Как ни поедет иеромонах после воскресной литургии в Москву, так его этот гаишник и останавливает, придирается. Ну, ему священник даст денежку, тот и отпускает с миром. Но потом старец ему сказал, что это нехорошо — так вот развращать милицию взятками. И он решил гаишнику денег больше не давать.

Поехал он, как обычно, после воскресной литургии в Москву. Так хорошо послужил, помолился, причастился, сам и «потребил» все из Чаши, поскольку служил без дьякона. Глотнул на дорожку чайку, и вперед.

А тут гаишник его останавливает, палочкой своей машет. Иеромонах открыл окно и выглянул. А милиционер ждет, что вот сейчас ему в руку бумажку вложат хрустящую. Но тот держит себе руль, в окно машины выглядывает и не проявляет ровно никакой активности.

 

 

 

 

Тогда гаишник занервничал:

— Это… Нарушаем…

— Что?
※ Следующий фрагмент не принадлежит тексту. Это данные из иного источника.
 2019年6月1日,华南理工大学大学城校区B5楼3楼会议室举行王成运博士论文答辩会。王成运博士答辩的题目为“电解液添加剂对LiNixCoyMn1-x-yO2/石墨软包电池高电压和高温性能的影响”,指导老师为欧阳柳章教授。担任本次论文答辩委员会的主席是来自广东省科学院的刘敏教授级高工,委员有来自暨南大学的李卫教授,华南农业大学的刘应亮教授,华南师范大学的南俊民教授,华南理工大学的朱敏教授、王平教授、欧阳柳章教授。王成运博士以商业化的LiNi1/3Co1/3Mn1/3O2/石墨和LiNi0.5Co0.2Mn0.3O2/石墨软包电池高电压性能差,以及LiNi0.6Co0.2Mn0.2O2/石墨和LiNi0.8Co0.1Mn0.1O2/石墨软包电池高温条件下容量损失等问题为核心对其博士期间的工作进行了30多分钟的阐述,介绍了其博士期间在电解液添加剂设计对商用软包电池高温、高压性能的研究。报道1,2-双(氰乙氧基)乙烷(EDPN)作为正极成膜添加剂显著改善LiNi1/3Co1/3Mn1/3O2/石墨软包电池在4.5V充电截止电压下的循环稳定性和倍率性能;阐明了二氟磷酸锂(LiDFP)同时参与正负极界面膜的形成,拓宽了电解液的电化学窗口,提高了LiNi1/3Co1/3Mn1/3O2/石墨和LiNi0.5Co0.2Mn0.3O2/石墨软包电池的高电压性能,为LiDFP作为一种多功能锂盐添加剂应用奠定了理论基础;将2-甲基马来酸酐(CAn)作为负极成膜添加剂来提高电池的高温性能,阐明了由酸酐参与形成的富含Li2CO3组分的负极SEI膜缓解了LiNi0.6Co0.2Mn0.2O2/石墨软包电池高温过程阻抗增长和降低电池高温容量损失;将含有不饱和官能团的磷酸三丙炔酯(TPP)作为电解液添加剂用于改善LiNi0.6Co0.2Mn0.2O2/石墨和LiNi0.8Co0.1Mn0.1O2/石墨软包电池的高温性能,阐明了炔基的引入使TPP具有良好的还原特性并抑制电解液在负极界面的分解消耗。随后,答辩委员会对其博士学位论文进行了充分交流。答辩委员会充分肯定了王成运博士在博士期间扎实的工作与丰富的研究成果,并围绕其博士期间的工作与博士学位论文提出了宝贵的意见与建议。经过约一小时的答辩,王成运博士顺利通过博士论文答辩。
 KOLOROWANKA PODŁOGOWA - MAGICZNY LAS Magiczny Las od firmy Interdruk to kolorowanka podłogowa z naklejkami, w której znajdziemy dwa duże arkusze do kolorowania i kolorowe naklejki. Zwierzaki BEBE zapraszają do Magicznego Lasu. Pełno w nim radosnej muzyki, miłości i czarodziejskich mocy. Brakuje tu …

Где? — удивился иеромонах.

— А почему колеса, как у «Татры»? — придумал наконец гаишник. — Штраф.

— Хорошо, — согласился иеромонах. — Только вы, когда штраф будете выписывать, напишите там: за то, что колеса, как у «Татры»…

— Зачем это? — подозрительно спросил тот.
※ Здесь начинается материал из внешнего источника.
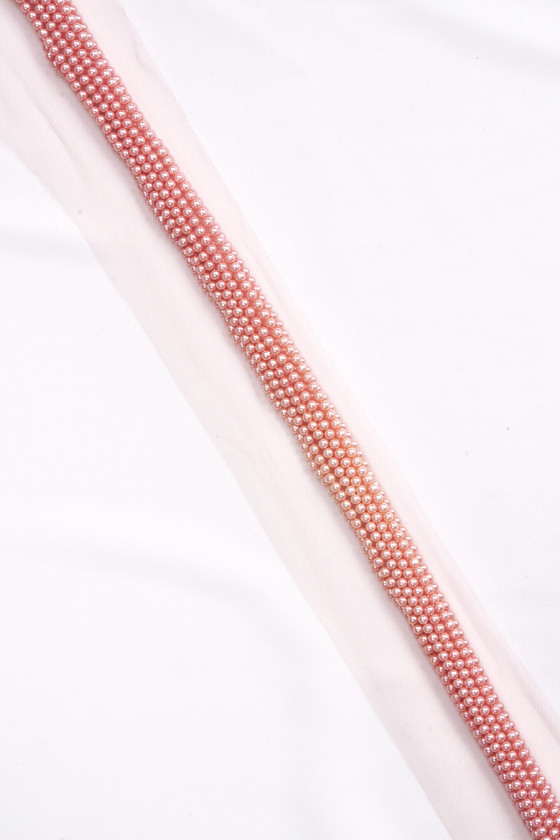 Olasz rövidáru szalag lazac színű, 2,9 cm széles, gyöngyökkel gazdagon díszített. Az egészet egy tüll hálóra varrják a gyöngyök színében. Gyönyörű ajánlat elegáns ruha, blúz vagy szoknya díszítésére.
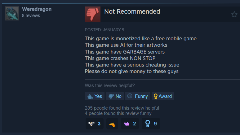 Weredragon wrote, “This game is monetized like a free mobile game. This game use AI for their artworks. This game have GARBAGE servers. This game crashes NON STOP. This game have a serious cheating issue. Please do not give money to these guys.”
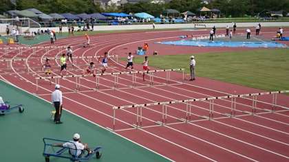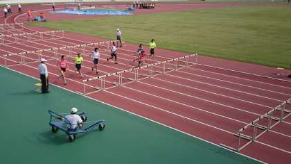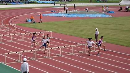 昨年度は女子 優勝、男子 準優勝でした。ハードル走を皮切りに、競技が始まりました。
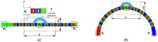 The external rotating field was applied in rectangular regions of width 200 nm, height 10 nm, and adjustable lengths s of 1 nm, 5 nm, 10 nm, 20 nm, 30 nm, 40 nm, 50 nm, 60 nm, 100 nm, 200 nm, and 500 nm. At the square locations P0, P1, and P2 with lateral dimensions 60 nm × 60 nm, the magnetization was detected. P0 senses the external field directly. (a) Straight nanofiber; (b) bent nanofiber.
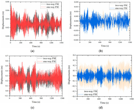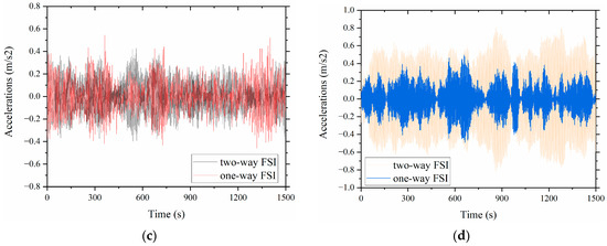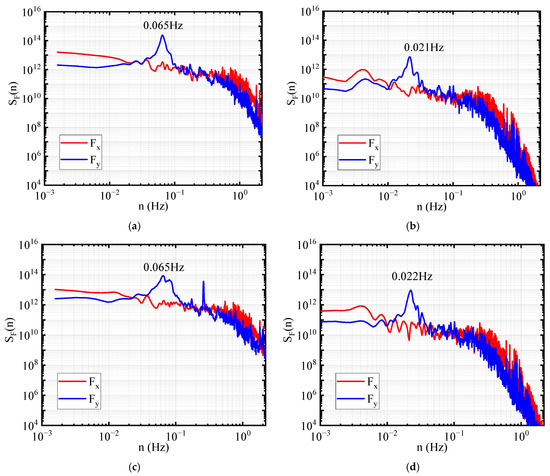 Power spectral density of aerodynamic forces at two different reduced velocities. (a) One-way FSI (); (b) one-way FSI (); (c) two-way FSI (); (d) two-way FSI ().

— А я в лавре буду и самому вашему главному гаишнику (тут он назвал фамилию), который мне права выдавал, покажу.

— Да ладно, — смутился милиционер. — Езжай так.
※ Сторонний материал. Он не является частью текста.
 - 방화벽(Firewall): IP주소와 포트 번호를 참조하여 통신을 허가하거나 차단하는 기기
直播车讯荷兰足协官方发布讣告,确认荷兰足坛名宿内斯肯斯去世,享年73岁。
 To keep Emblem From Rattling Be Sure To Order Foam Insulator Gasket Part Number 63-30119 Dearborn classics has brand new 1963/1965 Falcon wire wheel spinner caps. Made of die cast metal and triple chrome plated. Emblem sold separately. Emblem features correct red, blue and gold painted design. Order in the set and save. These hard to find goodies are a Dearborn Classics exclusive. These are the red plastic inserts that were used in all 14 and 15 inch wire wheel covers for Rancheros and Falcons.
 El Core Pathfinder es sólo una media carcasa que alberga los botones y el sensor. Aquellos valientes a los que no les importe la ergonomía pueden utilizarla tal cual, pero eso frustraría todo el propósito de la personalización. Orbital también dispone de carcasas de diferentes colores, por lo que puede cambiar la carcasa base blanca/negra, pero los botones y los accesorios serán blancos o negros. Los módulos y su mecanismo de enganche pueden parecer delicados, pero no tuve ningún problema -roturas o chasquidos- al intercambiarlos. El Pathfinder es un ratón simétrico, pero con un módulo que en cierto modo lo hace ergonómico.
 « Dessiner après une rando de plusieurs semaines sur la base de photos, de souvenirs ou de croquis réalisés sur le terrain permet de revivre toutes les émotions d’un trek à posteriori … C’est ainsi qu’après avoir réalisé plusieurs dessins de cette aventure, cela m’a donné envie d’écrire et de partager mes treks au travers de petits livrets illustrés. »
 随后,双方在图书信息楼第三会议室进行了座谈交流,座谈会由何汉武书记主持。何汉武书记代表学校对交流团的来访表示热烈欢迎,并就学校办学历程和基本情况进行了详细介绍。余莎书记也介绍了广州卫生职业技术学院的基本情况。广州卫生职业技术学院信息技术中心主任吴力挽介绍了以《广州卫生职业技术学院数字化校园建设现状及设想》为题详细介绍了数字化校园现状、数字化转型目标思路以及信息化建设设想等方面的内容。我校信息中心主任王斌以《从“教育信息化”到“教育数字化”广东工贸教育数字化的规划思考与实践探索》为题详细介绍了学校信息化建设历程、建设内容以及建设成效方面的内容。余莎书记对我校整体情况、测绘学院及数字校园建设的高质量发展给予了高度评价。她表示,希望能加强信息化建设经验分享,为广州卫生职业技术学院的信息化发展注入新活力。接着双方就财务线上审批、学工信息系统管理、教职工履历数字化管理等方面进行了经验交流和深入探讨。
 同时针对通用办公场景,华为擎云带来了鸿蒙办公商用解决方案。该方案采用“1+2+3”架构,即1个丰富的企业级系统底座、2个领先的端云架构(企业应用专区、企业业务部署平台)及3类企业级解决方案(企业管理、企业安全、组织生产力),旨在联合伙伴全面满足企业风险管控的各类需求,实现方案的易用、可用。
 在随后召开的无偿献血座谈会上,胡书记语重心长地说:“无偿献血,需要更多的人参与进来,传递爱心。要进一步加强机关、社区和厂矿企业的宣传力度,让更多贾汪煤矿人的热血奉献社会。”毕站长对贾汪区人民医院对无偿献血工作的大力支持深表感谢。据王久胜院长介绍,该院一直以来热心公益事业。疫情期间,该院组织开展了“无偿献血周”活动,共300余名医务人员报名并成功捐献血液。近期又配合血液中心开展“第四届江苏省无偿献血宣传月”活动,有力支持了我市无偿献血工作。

Отпустить‑то он его отпустил, но зло на него затаил. Узнал он, что попы эти, когда народ причащают, всегда вино пьют. И подкараулил священника в следующий раз.

Иеромонах наш остановился, открыл окно:

— Что теперь?

— Пили сегодня? — радостно спросил гаишник. — Вино употребляли?

— Нет, не пил. Но потреблять — да, потреблял.

— Ага, — злорадно воскликнул мучитель. — Ну, так давай сюда права.

Отобрал у него права на целый год и даже составил акт, чтобы все было чин по чину. И не пожалуешься.

Приехал иеромонах своим ходом в лавру, скорбный. Встретил меня, рассказал всю историю и приступил с расспросами:

— Владыка, в чем я был неправ? Сказано же в заповедях — не лжесвидетельствуй! Не солги! Я всю правду и сказал! Выходит, за правду я пострадал?

 

 

 

 

А я ему говорю:

— Эх, обвел тебя вокруг пальца твой искуситель-гаишник. Все‑таки надо бы рассуждение иметь, кому исповедуешься. Разве кто‑нибудь тебя учил, что надо исповедоваться именно гаишнику? А кроме того — разве ты выпивал? Разве ты потреблял — алкоголь? Кровь же Христову! Вот так же, мне думается, произошло и с вашим раскаявшимся разбойником, — вздохнул владыка, поглядев на Синявского, и произнес с чувством: — Что ж он вертухаю‑то стал исповедоваться? Так что в промыслительном плане он не того для исповеди избрал: ни вертухаю, ни гаишнику, ни искусителю, ни врагу рода человеческого, — сказано ведь: исповедайтеся Господеви, яко благ, яко ввек милость Его!

 

 

 

 

Волна за волной

Году в 88–м, когда Церкви начали понемногу возвращать храмы, знакомый архиерей, для которого мой муж собирал материалы по истории Владимирской епархии, предложил ему принять диаконский сан и отправиться служить в Муром, где открыли единственный в этом городе православный храм.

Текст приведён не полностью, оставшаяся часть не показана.